上の、トランジスタが出すノイズに、信号源が持っているレジスタンス分が出すノイズを (1) を使って合算すると右のグラフになります。

これが、実際の製品が見せるノイズの量を良く表しています
これから言えることは、
 Rg をできるだけ低く、
 Xg もできるだけ低く、
 Ic は Rg + j Xg に合わせて選択、

ということですね。 ついでにいうと、コレクタ漏れ電流を少なくする上から VCB はあまり欲張らない、ということも言えます。

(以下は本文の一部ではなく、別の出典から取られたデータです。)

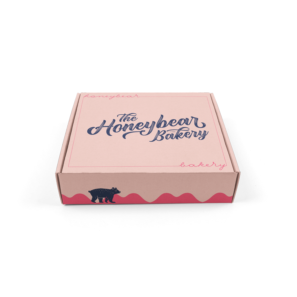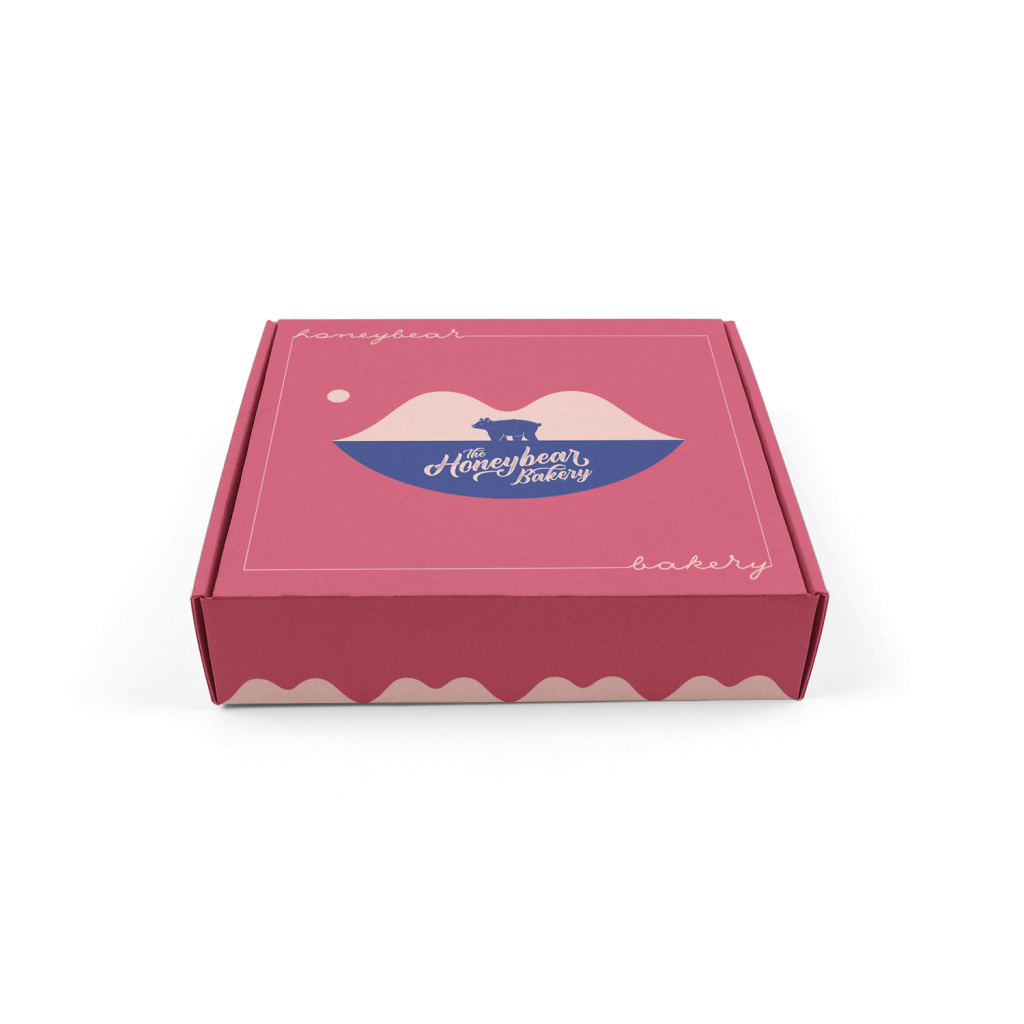 Branding for The Honeybear Bakery, a creative home-bakery born out of lockdown. The HBB wanted a flexible logo alongside designs for their eco-friendly packaging. ‘Sealed with a kiss’ was a key aspect to be included, done so by doubling up as the landscape for the main logo.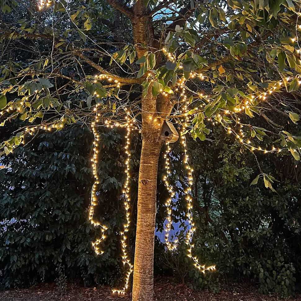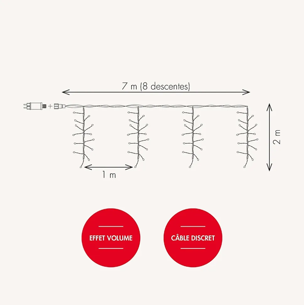 Cette guirlande pampilles composée de 8 descentes lumineuses microled transforme vos extérieurs et intérieurs. Idéale autour d’un arbre, enroulez ses longues descentes autour des branches et la lumière éclairera votre jardin. • Nb de LED : 320 microLED• Couleur de LED : Blanc chaud• Couleur du câble : Câble argent• Nb de descentes : 8 descentes de 2m – 40 LED/descente• Animation : Fixe• Dimensions : L7m• Puissance : 12W• Tension : 230V• Lumens : 500 lumens• Alimentation : Sur secteur, incluse• Matière(s) : PVC Souple• Usage : Intérieur/Extérieur• Indice de protection : IP44• Garantie : 2 ansUsage et installation : Cette jolie guirlande trouvera sa place enroulée dans un arbre avec quelques descentes tombantes ou alors elle habillera parfaitement vos rideaux pour apporter une ambiance chaleureuse dans votre salon. L’indice IP44 permettra une résistance à toutes les météos tout au long de l’année. Simple d’utilisation, il vous suffit de la brancher à une prise secteur.Données techniques et dimensions : Cette guirlande mesure 7m de longueur et est composée de 8 descentes. Chaque descente mesure 2m. Son câble est argenté et son alimentation est inclue. Le câble est très flexible, vous pourrez enrouler les descentes facilement.Source lumineuse : Cette guirlande pampille contient 320 microled fixe très lumineuses. Elle est compose de 8 descentes de 2m. Chaque descente contient 40 LED.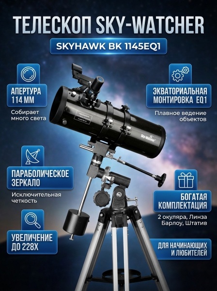 Прочитайте полный обзор, ознакомьтесь с отзывами владельцев Skyhawk BK 1145EQ1, просмотрите описание с характеристиками и фото. Sky-Watcher - это отличный выбор!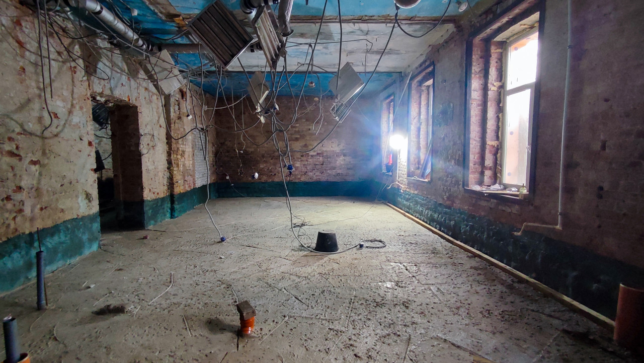 На фотографии показано помещение в кирпичном здании, находящееся на этапе капитального ремонта. На полу уложена черновая стяжка, стены очищены до кирпича, по периметру видна гидроизоляция. С потолка свисают кабели и осветительные панели, временно подвешенные для работы строителей. Через окна с пластиковыми рамами проникает естественный свет, частично закрытый строительной плёнкой. Снимок отражает процесс реконструкции старого здания, возможно, исторического или административного, где производится полная замена инженерных коммуникаций. Фото можно использовать в статьях о капитальном ремонте, реконструкции зданий, реставрации старинных построек и проектировании инженерных систем.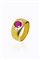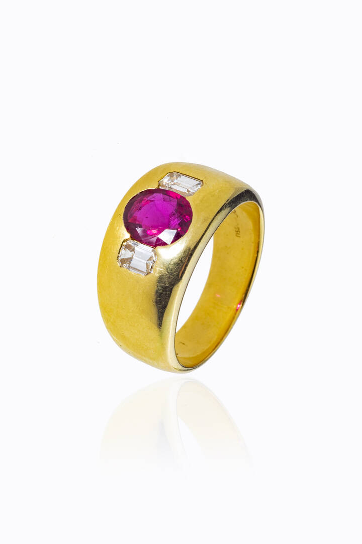 in oro giallo, a fascia, con al centro rubino taglio ovale di ct 1,80 ca ed ai lati due diamanti taglio smeraldo per totali ct 0,50 ca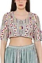 Featuring a pale blue lehenga in silk mulmul base. It is paired with an embroidered georgette blouse and a net dupatta having tassel detail. Accentuate this designer set with statement jewellery and heels for a complete look, ideal for a wedding, engagement, or sangeet ceremony.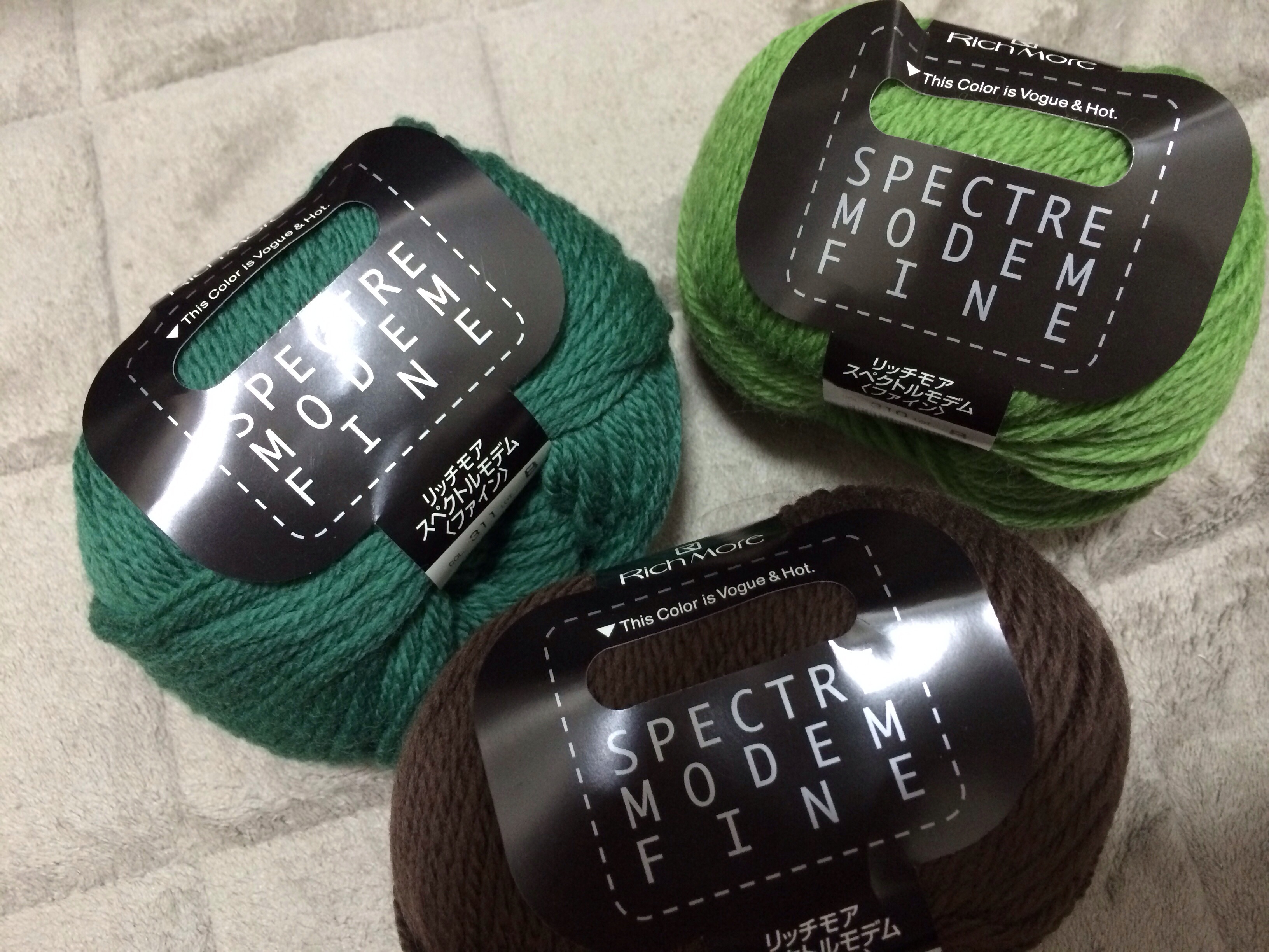 指定糸のリッチモア スペクトリルモデム<ファイン>で編んでいます。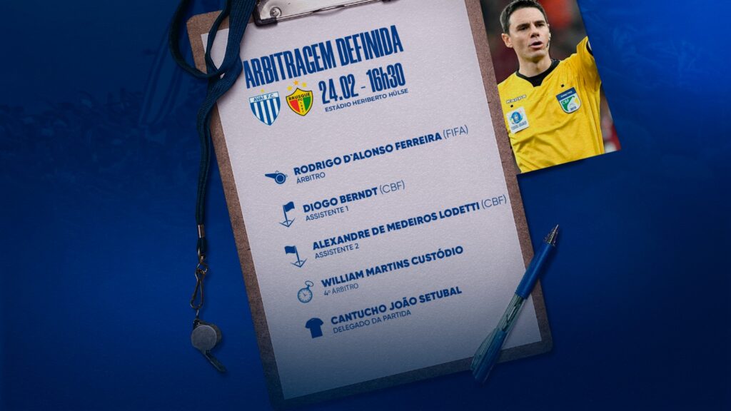 A Federação Catarinense de Futebol divulgou a arbitragem para a partida Avaí x Brusque-SC, válida pela 10ª rodada do Campeonato Catarinense Fort Atacadista 2024. A disputa vai acontecer neste sábado (24), às 16h30, no estádio Heriberto Hülse, em Criciúma-SC. Estará no apito o árbitro Rodrigo D`Alonso Ferreira-FIFA. Jogo: Avaí x BrusqueCompetição: Catarinense Fort Atacadista 2024 […]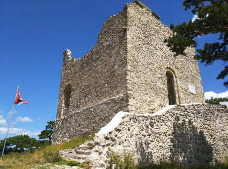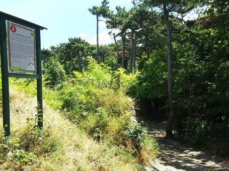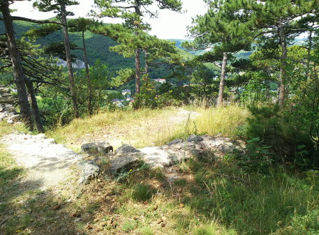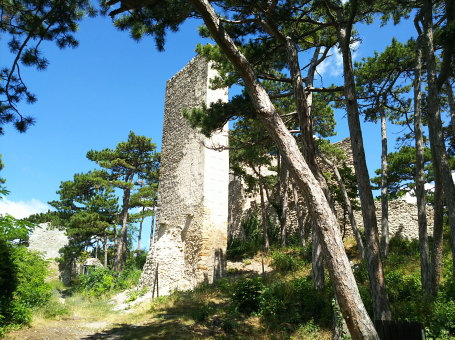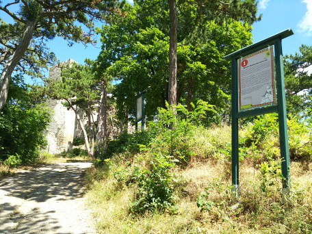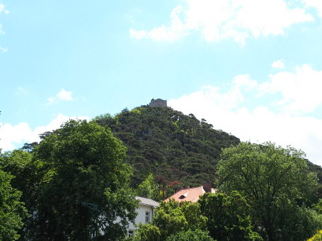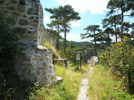 <沿革> 12世紀中ごろに、メルク修道院からメートリンク領を取得したオーストリア辺境伯(1156年 以降は公)バーベンベルク家によって築かれたと考えられているが、正確な築城年は定か でない。バーベンベルク系初代オーストリア公ハインリヒ2世の一子ハインリヒは、2代目と なった兄レオポルト5世によりメートリンクに封じられ、「ド・メードリヒ(de Medlich)」を称した。 1236年にハインリヒの子孫が絶えると、メートリンク領はレオポルト5世の孫のオーストリア 公フリードリヒ2世に召し上げられた。喧嘩公とあだ名されたフリードリヒ2世が1246年に戦死 すると、バーベンベルク家のオーストリア支配も終わりを告げた。その後、バーデン辺境伯 ツェーリンゲン家2代とボヘミア王オタカル2世が相次いでオーストリア公となり、1278年には ハプスブルク家初の神聖ローマ皇帝ルドルフ1世がオタカル2世を討ち取り、オーストリア公 の地位も獲得した。 ハプスブルク家のもとで、メートリンク城の防備は強化されていった。しかし、1400年頃に オーストリア公アルブレヒト4世は城をパッサウ司教への抵当に入れた。以後メートリンク城 は所有者を転々とし、1529年の第一次ウィーン包囲でトルコ軍により破壊された。1543年、 当時の領主であったロドロン伯ジグムントにより、城はルネサンス様式で再建された。だが、 1556年に落雷による火災で建物のほとんどが焼け崩れた。その後は復興されることなく、 廃墟となって今日に至っている。 <手記> メートリンクはウィーン南方郊外の小都市で、城はその旧市街から少し谷筋に入った場所 にあります。日本の開発領主の詰城にはあり得そうな選地ですが、メードリンクの町を押さ えるならリヒテンシュタイン城のある目の前の独立山塊を利用する方がヨーロッパの文脈に 合っているような気がします。この点は個人的に今なおちょっとした謎です。 バス停から城山西麓の谷筋を遡ると、尾根筋背後の堀切下に回り込めます。城跡内には 2013年に設置された説明板が要所要所に立っていて、とても見学しやすくなっています。 ただし、外国人が来ることは想定していないのでしょう、ドイツ語のみです。ヨーロッパでは 珍しく城内を曲輪ごとに分けて解説していて、正規ルートでは付け根の堀切脇が大手口で、 螺旋状に1周ぐるっと回って主塔にたどり着くようになっています。ドイツで共通という訳では ないと思いますが、日本とは逆に一番外側を一の曲輪や一の門と呼び、進んでいくにつれ 2つ目・3つ目となります。 主塔は船形をしていて、峰先側が六角形を半分にした三面テラスのようになっています。 天井はなく、上がることもできませんが、ルネサンス様式の名残と思われる三面テラスの 窓からは一応なかなかの眺望が楽しめます。 とにもかくにも充実した説明版があることによって、メートリンク城は中世ドイツの城を知る にはとても勉強になる模範的な城跡となっています。ウィーンからメートリンクまでは鉄道で 10分程度なので、ウィーンを訪れる城好きの方にはぜひ足を延ばしてもらいたいおすすめの 古城址です。 |

一般的に言うと、信号源インピーダンスがとても低くできるアプリケーションでは、大きいコレクタ電流に設定します。


良い指標は何か:

NF を使うのは感心しませんが、それでは何を使うべきでしょうか。 
素子の場合は、入力ノイズ電流と入力ノイズ電圧を、ホワイトノイズ領域、1/f との境界位置、そこから 1/10 の周波数、の3点で示すのがいいと思います。 2つ目は無くてもいいでしょうが。
また、最終消費者向けの製品レベルでは、信号源インピーダンスと測定の帯域を規定した上で、入力換算ノイズ電圧が良いと考えます。  できればそれを dBV で表せば、 SN も直ちに暗算できますから都合がいいでしょう。
ただし、これは一般消費者にはわかりにくいところがあるでしょうから、そのときは信号レベルも添えて、SN 比を dB で表す方がよいかも知れません。





[申し訳ない]
いつも 2SC2240 ですみません。 低周波小信号低雑音 Tr なら何でもいいのですが、手元にこれが百本ほどあって何にでも使ってしまうのです。